Rewinding the Predator timeline back a few hundred years to 1719 – it’s not a big deal, given that the other films treat continuity as bendable as Yautjas treat the human spine – Prey takes place in the Northern Great Plains, pitting the alien against the Comanche Nation. More specifically, the young Naru (Amber Midthunder), who desperately wants to prove herself, especially to brother and fellow warrior Taabe (Dakota Beavers). Such an opportunity arises when a Predator is dropped off on Earth, similarly eager to show fellow hunters that the Yautja has what it takes to hunt with the best of them. Series-wise, this sits somewhere between the fist-pumping theatrics of the original film and 2010′s under-loved and excellently cast Predators.

4. We’re All Going to the World’s Fair (Hoopla, Apple TV)
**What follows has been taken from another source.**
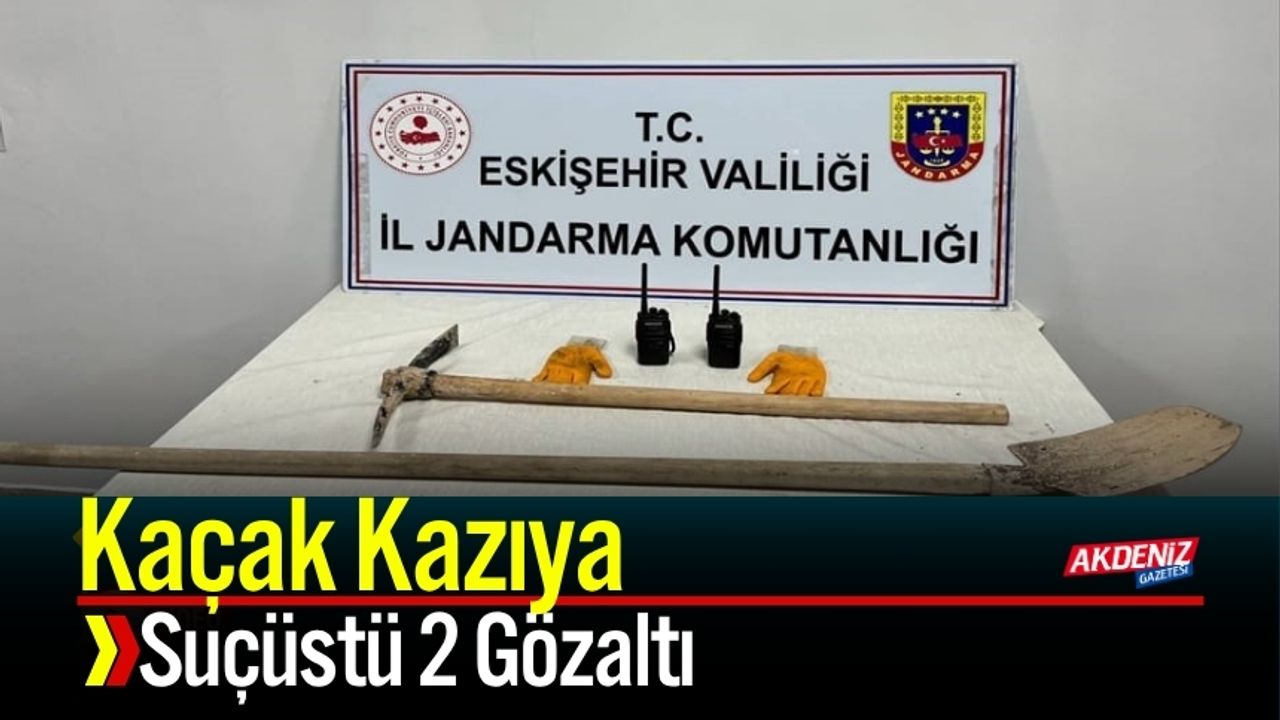 Eskişehir İl Jandarma Komutanlığına bağlı birimlerin çalışması neticesinde Odunpazarı ilçesinde şüpheli şahısların kaçak kazı yaptığı bilgisi alındı. 1'inci derece arkeolojik sit alanında jandarma ekiplerince icra edilen operasyon neticesinde 2 şüpheli şahıs kaçak kazı yaparken suçüstü yakalandı. Kazı alanında yapılan incelemede şüphelilere ait olduğu tespit edilen 2 adet el telsizi ve muhtelif kazı malzemeleri ekiplerce ele geçirildi. Şüpheli şahıslar soruşturma başlatıldı.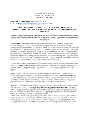 Nyc Government Publication Mayor S Press Release Mayor De Blasio Announces Applications Are Open For The 2021 Summer Youth Employment Program Id 4t64gq47m Government Publications Portal

I have already seen and forgotten so many movies that debuted at the virtual-only 2020 Sundance Film Festival. But Jane Schoenbrun’s screen-life horror experiment, We’re All Going to the World’s Fair, has stuck, irrepressibly and impressively. A horror movie that relies less on jump scares than the existential terror of falling down an internet rabbit hole, the film follows a young teenager who digitally befriends an older man who may or may not have ill intentions. A contemporary folk tale that weaves together creeps and cautionary instincts, the film displays a tremendous confidence in its storytelling, and a keen sense of visual wit. Watch it on your own laptop screen for ultimate effect.

5. X (Prime Video)

The first, and so far best, of Ti West’s planned nu-horror trilogy – the prequel Pearl followed a few months later – X would have made this list for its title alone, a clever shorthand for sex, violence and general low-class genre antics. But indie veteran West knows that you need a visceral hook to satisfy today’s gore-hounds, and he finds it in this story of a porn crew from the 1970s looking to make their big break. Unfortunately, they up-and-comers have picked exactly the wrong rural farmhouse to shoot their shot, resulting in all manner of goopy, slick terror. Mia Goth gives a dual performance for the ages, as both victim and terrorizer.